ГЛАВА ДВАДЦАТЬ ВОСЬМАЯ

   Из Москвы ссылали бояр Салтыковых. А солнышко играло яркое, веселое. Золотились церковные и монастырские купола. Птицы звонко пели.
   Вышли из теремов на площади и улицы боярышни, празднично одетые, дородные боярыни, купцы рядов охотных, рыбных и зеленных.
   Все на Москве с утра шумело деловито. Стрельцы спешили в Белый город. За ними туда же толпами валили люди всякие.
   В это утро обидчики Димитрия Пожарского, донских казаков оговорщики, лютые злодеи Марьи Хлоповой – Бориска да Михайло Салтыковы, несогласные с указом царским, хотели предать пламени свои дворы. Но люди им не дали сотворить злое намерение: фитиль приметили у бочки с порохом под углом дома Салтыковых.
   – Не нам, так и не вам, – сказал разгневанный Бориска, метнувшись к бочке. – Всё пропадай пропадом! – И сунул тлеющую кострицу в то самое место, где высыпал стежкой порох. Сам же боярин, волосатый, рассвирепевший, как лютый зверь, без шапки кинулся за терем.
   – Стой, сатана! – крикнул сзади боярина мужик Прохор Косой. – Всю Москву, треклятый, запалишь!
   Схватив боярина за кафтан, он со всей силой поднял и швырнул его в стоявшую подле двора подводу. Серые кони шарахнулись в сторону – доски на возу треснули.
   – Стой, серые! – остановил их мужик. – Стой, кони!
   К счастью Бориса Салтыкова, кони не понесли, а захрапев, остановились как вкопанные. Кострицу потушили.
   А брат Бориса, Михайло Салтыков, смекнув, что дело это разбойное и может кончиться бедой, прыгнул в свою колымагу и по коням хотел было ударить.
   – Стой, борода! – крикнул другой мужик, схватив коней его за уздцы.
   Жена Бориса, дебелая Христя, заголосила на возу на всю Москву. Две девки ее взвыли как резаные.
   Сбежались соседи.
   – Аль на Москве подлых людишек мало? – сказал мужик Прохор Косой. – Подлых людишек пытали вы крепко: губы рвали, ноздри выдергивали, ухи резали. А пошто вам, изменникам, ноздри не вырвали? В Разбойном приказе Сашка-палач без дела сидит. Бояре знатные!
   Не счесть народу, что набилось возле подворий Салтыковых. Шумят, галдят. Стрельцы толкают народ бердышами.
   – Стравили, сатаны, женку государя! Народ убива­ли! – кричали мужики. – Набили свои хоромы добром краденым!

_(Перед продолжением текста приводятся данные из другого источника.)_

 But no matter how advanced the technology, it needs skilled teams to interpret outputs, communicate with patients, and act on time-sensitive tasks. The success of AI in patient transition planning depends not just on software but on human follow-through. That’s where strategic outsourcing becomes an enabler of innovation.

   – Нечая Гришку, чтоб дел ваших боярских не распутал, в железо заковали, в тюрьму кинули.
   – А ну-ка, честной народ, починай потрошить думных бояришек! Без них на Москве и государю будет вольготнее. Хватайте Салтыковых, бейте их до смерти!
   Женка Михайла Салтыкова голосила на узлах:
   – Ой, люди добрые, не дайте нас кинуть в тюрьму сырую! Помрем мы в чужом краю, и сгинем мы все на чужбине, за что – неведомо…

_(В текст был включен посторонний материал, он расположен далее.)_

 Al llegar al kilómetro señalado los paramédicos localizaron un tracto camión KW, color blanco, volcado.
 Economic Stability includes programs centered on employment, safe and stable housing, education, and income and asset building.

   – Ай да царь Михайло Федорович! – ликовали многие горожане. – Усмотрел разбойников. Не пощадил и бояр ближних…
   Борис Салтыков встал на возу, с кафтана грязь стрях­нул, повел глазами мутными да как загорланит:
   – Аль казна моя оскудеет, ежели я всех деньгой своей пожалую? Держи, людишки черные!
   – Хитер больно, боярин! – крикнули в ответ людишки черные. – Деньгой, поди, не сманишь, коль не обманешь. Закинул петуха заместо селезня!

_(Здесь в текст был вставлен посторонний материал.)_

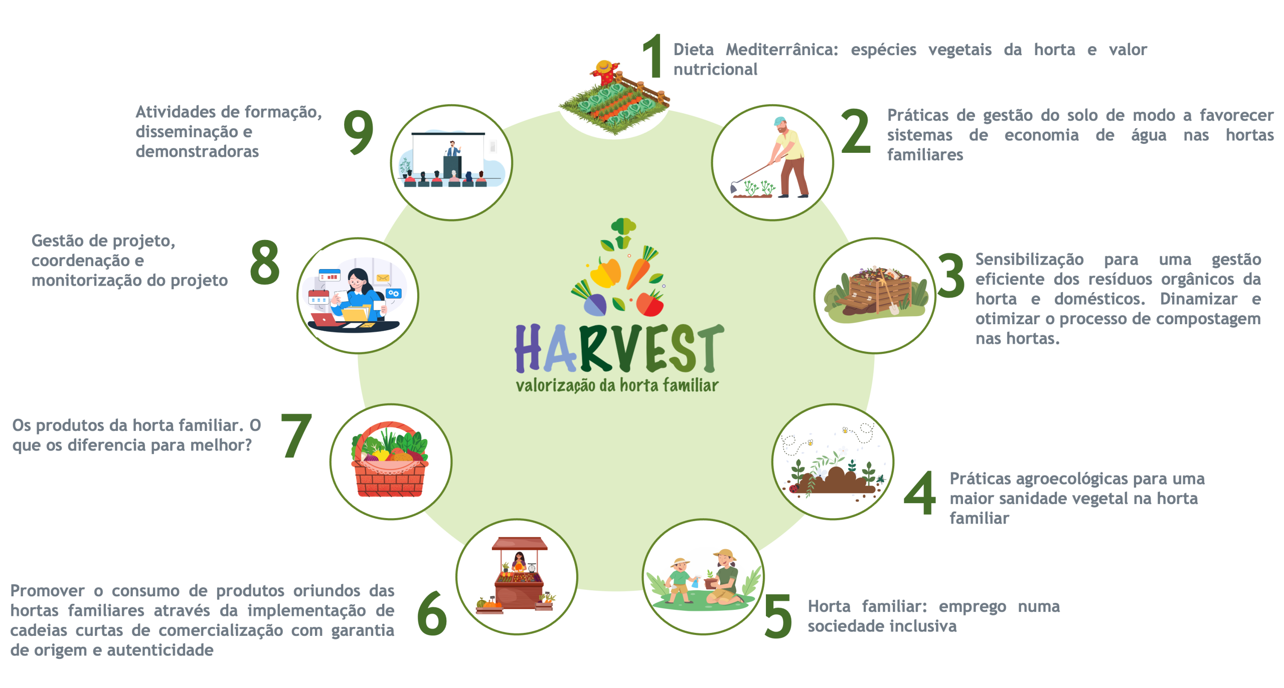 Assim, com o objetivo de promover a Dieta Mediterrânica no nosso país, assegurando uma alimentação sustentável, a presente proposta tem como principal estratégia potenciar e diferenciar os produtos da horta familiar tanto no meio rural como urbano. Para isso, neste projeto, serão desenvolvidas atividades agroecológicas em várias regiões do país, nas hortas familiares, mas também nas hortas urbanas e periurbanas de Lisboa, Viseu e Bragança, de modo a potenciar a utilização de práticas sustentáveis na agricultura familiar, em toda a cadeia de valor, ou seja, da produção até ao consumidor final.

   – Эй, баба! Веры нам нет! – заревел боярин. – Развяжь-ка, Христя, мошну: пускай гуляют. Гуляй, людишки, на Москве за наше дальнее житье во царствии Романовых.
   Христя испуганно и торопливо раскрыла крайний ме­шок.
   – Налетайте! – дико сверкнув глазами, закричала Христя. – Потом своим копили!
   – Хватайте! – крикнул Бориска и, зачерпнув из мешка широкою ладонью деньги, швырнул их под ноги столпившимся людям. – Знайте бояр Салтыковых! Пейте, гуляйте! Хватай, краснорожее быдло! Казна вернется к нам с богатой прибылью, а честь – с лихвой!
   Еще три пригоршни Борис кинул мужикам в ноги. Еще три. Кидал да кричал, вспотевший:
   – Блестит ли деньга в грязи? Блестит. А кто нас станет провожать в Ильинское, тот подберет все деньги! Хватайте, дьяволы! Не жалко мне!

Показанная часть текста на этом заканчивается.